Roane: There are two clear problems. One is a programming problem. The tools that allow you to partition your software need to mature. On the other side, there’s simulation technology. If you’re considering whether a four-core system is better than a two core system, you can pull that together relatively quickly. Assuming you can solve the programming problem, you can get some hard data about how that runs.

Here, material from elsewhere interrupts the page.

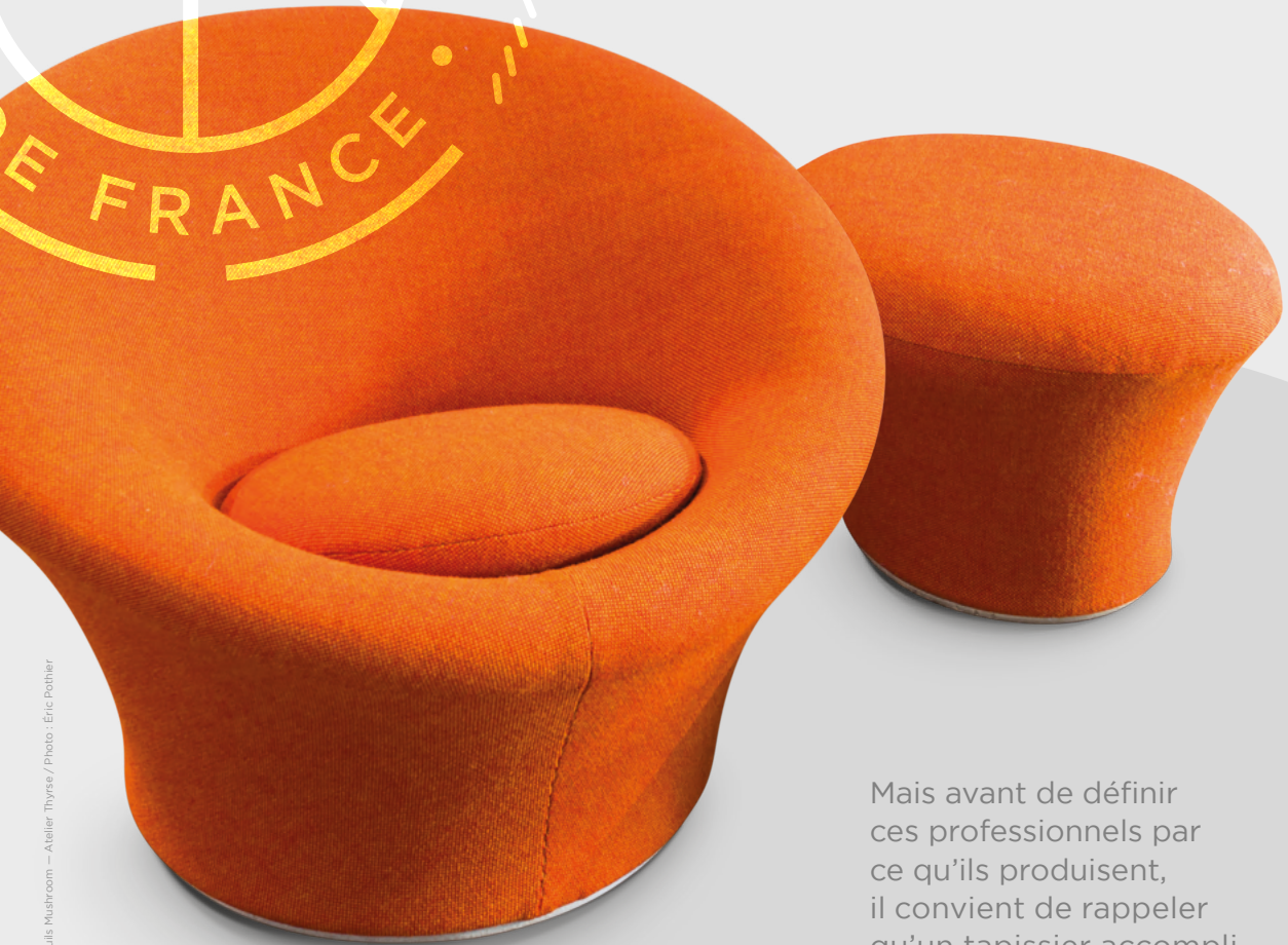
Fauteuils Mustroom - Atelier Thyse

C'est avant tout le cumul d'une grande polyvalence et une maîtrise de nombreuses compétences.

Kleidermacher: Multicore is a big trend and there are a lot of designs going that way. We’ve been looking at it from several different angles. One is how you develop the application on multicore. The second is, how do you debug an analyze that, and what are the interactions? The third is, what does the run-time environment look like to best manage the software? In terms of how you develop, we believe this whole parallel/concurrency issue is overblown. Most applications in the embedded space are already multithreaded. The issue for us is not whether my system is going to take advantage of multicore, but whether there’s a standardized way of doing multithreading. In debugging, there’s virtualization that can help you. One of the new trends is multicore trace. ARM and Nexus allow you to trace not just one core but multiple cores, and not just the CPUs, but accelerators and other kinds of engines on that system. You might have four or five different things going on at the hardware level. If you can trace them all together in a time-correlated manner, you have amazing visibility. And at the run-time level, if you’re running an SMP operating system on that, you’re done.

Q: But you’re talking about a very limited portion of the market. This is not an eight-core general purpose processor, is it?
Kleidermacher: No, you’re absolutely right. The world of multicore architectures is diverse. There are tightly coupled versus loosely coupled. There is homogeneous versus heterogeneous. DaVinci or Cell are tightly coupled but heterogeneous. That’s a lot harder because there is no standard. How you talk from an PowerPC to these Cell engines is completely different from an XScale to a network processor engine, which is completely different from how a DaVinci/ARM core talks to a DSP engine. Unfortunately, our life is really bad. We have to make sure we talk to all their APIs. But the debugging tools can be common.
McLellan: I don’t think you try to accelerate Word. But you may try with a game. To get that to work on Cell, you almost have to hand craft the algorithm down at a very low level. You can’t take an algorithm written at a very high level and say there’s a PowerPC in there and eight other processors and make them all run really fast. You have to figure out what you’re going to do on each processor and how they’re going to communicate.
Serughetti: That’s a traditional tradeoff between hardware and software. With software, you get flexibility. With hardware you gain performance. There’s still a lot of discussion in the market. Where would you go for a hardware multicore solution? There’s a lot of research out there with tasks distributed around each core. On the other side, you have software solutions. Different applications will drive different needs.
McLellan: There’s another trend that is starting to happen. The U.S. is a laggard in this, but it’s about thinking of systems more holistically. Before the Boeing 787, each of their subcontractors had to supply a piece of hardware that was networked together, and within that hardware ran the software. There were a lot of wire harnesses and a lot of weight. The 787 is more integrated at the software level.